K. is de grootste stad van Afrika; het had in 1897: 570.062 inw. (Fellah, Kopten, Turken, Arabieren enz.); het is de residentie van den onderkoning (khedive), en de zetel van alle regeeringslichamen, alsmede van een koptischen en een grieksch-orthodoxen bisschop. De stad is van het n. naar het z. 5 km. lang; sinds 1869 heeft zij veel van haar oostersch karakter verloren; in het westen is een zuiver europeesche wijk (Ismailia) ontstaan. De huizen zijn voor het meerendeel van gelen kalksteen en hebben platte daken. In den nieuwsten tijd heeft K. vele breede, door gas verlichte, echter nog ongeplaveide straten en trottoirs met electrische trams gekregen. Het middelpunt der europeesche wijk is de Esbekijetuin, 82.000 vierkante meter groot, met gewassen aller luchtstreken, koffiehuizen, concertzalen enz. De in 1889 aangelegde, 2 km. lange boulevard Mehemed-Ali, van het Atabet-el-Kadraplein naar de citadel, voert midden door den doolhof van steegjes der arabierenwijk.

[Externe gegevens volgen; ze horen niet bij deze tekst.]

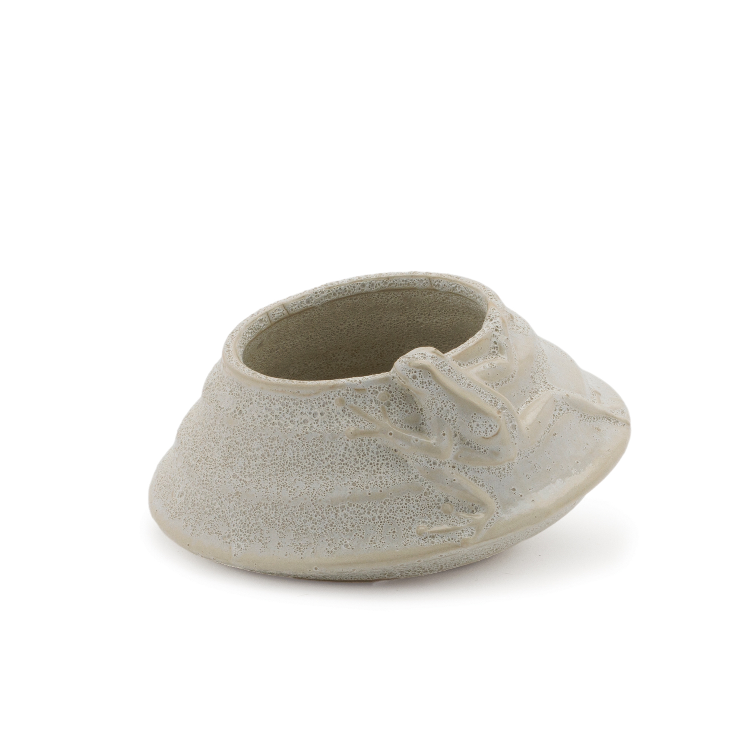 Bring a playful touch to your space with the Round Porcelain Planter with Frog Set. Featuring cool beige and white tones with a glazed finish, these planters stand out with their unique round shape and tapered bottom. The charming frog accent adds a whimsical element to the design, making it a fun addition to your home. Sold in a set of two assorted sizes, these planters are perfect for showcasing real or faux plants and can be used both indoor and outdoor covered.
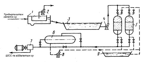| 10.1.Сурет. Ағынды суды дайындаудың ашық түрдегі қондырғысының сұлбасы 1-мұнайұстағыш; 2-мұнайұстағыштан жиналған мұнайды айдауға арналған сорап; 3-тұндырғыштар; 4-суды сүзгіге беруге арналған сорап; 5-құмды сүзгілер; 6-таза суға арналған сыйымдылық; 7-тазартылған ағынды суды ШСС беруге арналған сорап; 8-сүзгілерді шаю (тазалау) кезінде таза суды беруге арналған сорап; 9- лас суға арналған ыдыс (амбар). |
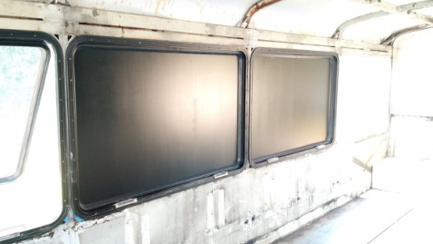 In most bus conversions, the windows are usually removed completely, and the remaining holes are skinned over with steel or aluminum plating. This apparently allows for better insulation. However, in our minds, if we did the same, we'd just end up with a BUS that's trying to look like an RV. Fine for most, I guess, but we sorta wanted our bus to still look like a bus (we just like the look of it, call us crazy).
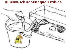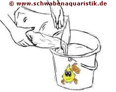 Bis zum Umsetzen der Fische sollte sich 2 bis 3-mal soviel Wasser im Eimer befinden wie vorher.
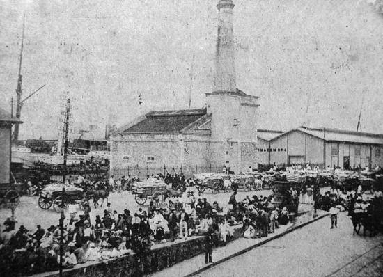 Em cartão postal do Bazar de Paris, do início do século XX, outra imagem do porto, vendo-se ao fundo o Armazém 4 e ao centro as instalações da casa de compressores, com sua chaminé (os compressores é que permitiam acionar os guindastes hidráulicos do cais):
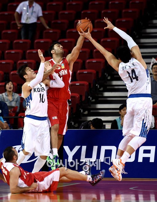 [인천=아시아경제 김현민 기자] 아시안게임 남자 농구대표팀 조성민과 오세근이 3일 인천 삼산월드체육관에서 열린 이란과의 결승전에서 상대와 리바운드를 다투고 있다.김현민 기자 kimhyun81@asiae.co.kr<ⓒ세계를 보는 창 경제를 보는 눈, 아시아경제(www.asiae.co.kr) 무단전재 배포금지>
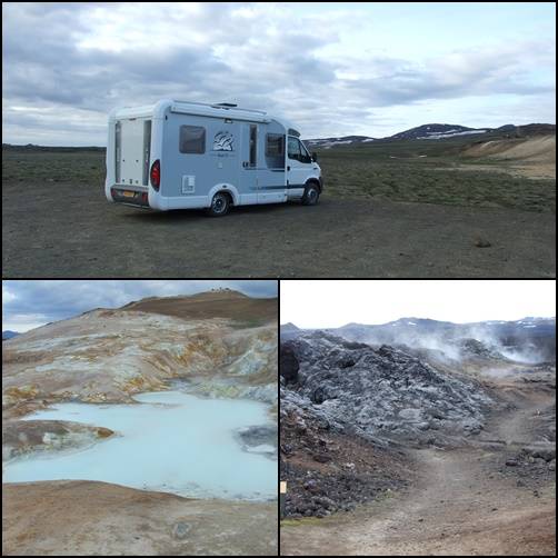 Eerst nog een rondje om het meer gereden en toen naar het zwembad. Daar hebben we anderhalf uur in gezeten. Daarna zijn we naar boven gereden en staan nu bij de Krafla. Na het eten nog een rondje gelopen over de Krafla. In het begin moesten we dit overslaan om dat het te mistig was.

K. heeft ruim 500 moskeeën, waarvan echter vele geheel of bijna in puin liggen; de beroemdste zijn die van Achmed ibn Toelun (een navolging van de moskee te Mekka, 879 gebouwd), de Kakim-moskee (1003 voltooid) en de Sultan-Hasanmoskee. K. heeft ook vele groote bazars. De stad heeft een voor long- en borstlijders zeer heilzaam klimaat (gemiddelde jaartemperatuur 21° C., weinig regen en wind). Het is overigens geheel een residentiestad, die hoofdzakelijk bestaat van het hof enz. en van den handel.